2022-06-08T15:00:39.763+05:30 END RequestId: 6e32e62b-2a04-4001-85ab-c0e61d48584d
2022-06-08T15:00:39.763+05:30 REPORT RequestId: 6e32e62b-2a04-4001-85ab-c0e61d48584d Duration: 110.59 ms Billed Duration: 111 ms Memory Size: 512 MB Max Memory Used: 145 MB Init Duration: 2406.90 ms
After sometime I make a call to this lambda ( from another lambda and this was logged to the same log group right after the previous logs )
2022-06-08T15:08:29.071+05:30 START RequestId: ad24cf5e-17ea-4347-9931-be4eb8cbc47b Version: $LATEST
2022-06-08T15:08:31.981+05:30 2022-06-08 09:38:31 ad24cf5e-17ea-4347-9931-be4eb8cbc47b INFO MyHandler:30 - GET /posts/{id}
2022-06-08T15:08:32.019+05:30 2022-06-08 09:38:32 ad24cf5e-17ea-4347-9931-be4eb8cbc47b DEBUG MyHandler:36 - Before Strategy : 2944
2022-06-08T15:08:34.186+05:30 END RequestId: ad24cf5e-17ea-4347-9931-be4eb8cbc47b
2022-06-08T15:08:34.186+05:30 REPORT RequestId: ad24cf5e-17ea-4347-9931-be4eb8cbc47b Duration: 5112.63 ms Billed Duration: 5113 ms Memory Size: 512 MB Max Memory Used: 188 MB
Here we see that, REPORT has not InitDuration which means this calls is not a cold start call. Can be confirmed since LOG.debug("ColdStart")
also didn't execute with this call.
So, I could've argued that my implementation needs optimizing. But it was taking 3 seconds just to reach till strategy.apply(wdInput, nodeService)
( As seen in the logs ) which does not seems right.

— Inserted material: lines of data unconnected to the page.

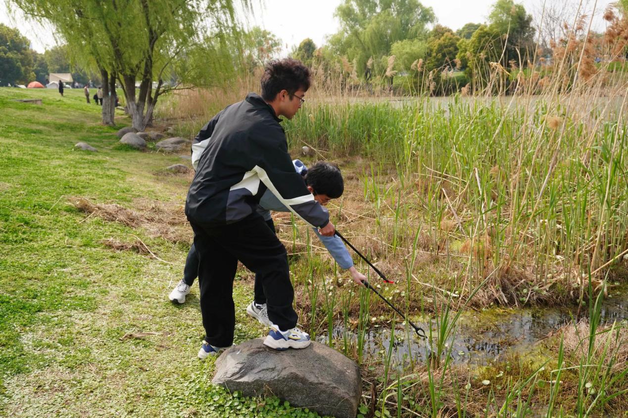 随后,同学们前往南京九龙湖公园开展巡河与河道垃圾清理行动。在负责人的指引下,同学们沿着湖边仔细巡查,观察湖水水质,记录所发现的问题,如水体颜色、气味等异常情况。同时使用垃圾袋、夹子等工具,清理河道及湖边遗留的的塑料瓶、食品包装袋、烟头等。巡河结束后,大家对垃圾进行分类处理,可回收垃圾交由公园管理人员回收,不可回收垃圾则按规定处理。
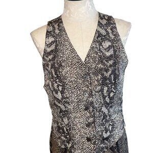 Perry Ellis Vintage Womens Skirt Set Size 6 Gray Snake Print 3 Piece Pure Silk
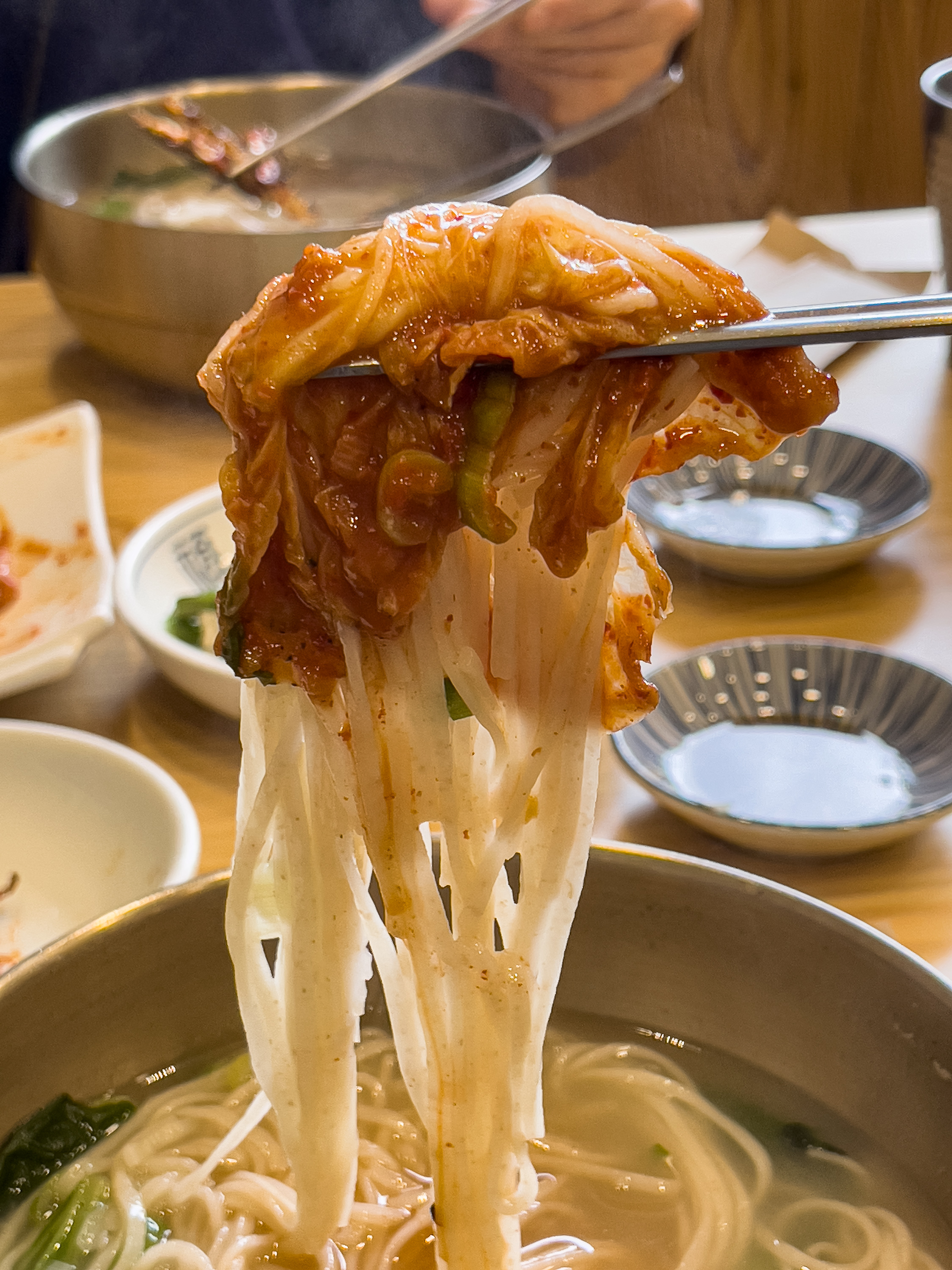 국수는 생각보다 바로 나오지 않았습니다. 나중에 알고보니 바로 자가제면해서 삶아 나오느라 시간이 좀 걸렸다고 합니다. 경북 스타일이라는 한우제물국시는 우리밀이라고 했는데요. 주인장께 여쭤보니 그게 메밀이었더라고요. 그것도 100% 메밀로 자가제면을 한 국수였습니다. 처음에는 별생각 없이 먹다가 보니 국수가 좀 다르더라고요. 면 안에 작은 알갱이가 틈틈이 박혀있었습니다. 메밀이 100%라서 국수가 금방 퍼진다고 하네요. 막 탱탱한 느낌의 국수를 원하신다면 맞지 않을 수도 있을 것 같습니다. 하지만 저나 찰리는 푹 익힌 국수를 좋아하는 편이라 나름 괜찮았습니다. 국물로 짜지 않고 슴슴한 간이 적당했고요. 전체적으로 깔끔하고 건강한 느낌이 컸습니다. 슴슴하다 보니 김치에 싸서 국수를 먹는 것도 나쁘지 않더군요. 주인 말씀으로는 메밀로 만들어 소화도 잘 될거라 하시던데 실제로 그렇더군요. 글루텐 가득한 면발을 먹었을 때와 달리 편한함이 있었습니다.

However, right after this, I made a same call right after the above call and this time it just took 2ms to reach till strategy.apply(wdInput, nodeService)
. The logs look like :
2022-06-08T15:08:46.709+05:30 START RequestId: 7228e62b-e9cd-40f8-b27b-a609b9abca0e Version: $LATEST
2022-06-08T15:08:46.714+05:30 2022-06-08 09:38:46 7228e62b-e9cd-40f8-b27b-a609b9abca0e INFO MyHandler:30 - GET /shared/node/{id}/users
2022-06-08T15:08:46.714+05:30 2022-06-08 09:38:46 7228e62b-e9cd-40f8-b27b-a609b9abca0e DEBUG MyHandler:36 - Before Strategy : 2
2022-06-08T15:08:46.762+05:30 END RequestId: 7228e62b-e9cd-40f8-b27b-a609b9abca0e
2022-06-08T15:08:46.762+05:30 REPORT RequestId: 7228e62b-e9cd-40f8-b27b-a609b9abca0e Duration: 50.51 ms Billed Duration: 51 ms Memory Size: 512 MB Max Memory Used: 189 MB
It makes sense for warmup plug to take InitDuration of 2406ms since it's a cold start. However, the next call isn't a cold start and takes a duration of ~5000ms in total and the second call after this is faster than this by a factor of 100. ( Note that duration for warmup call was just 110ms ).
What is causing this and how this could be better handled?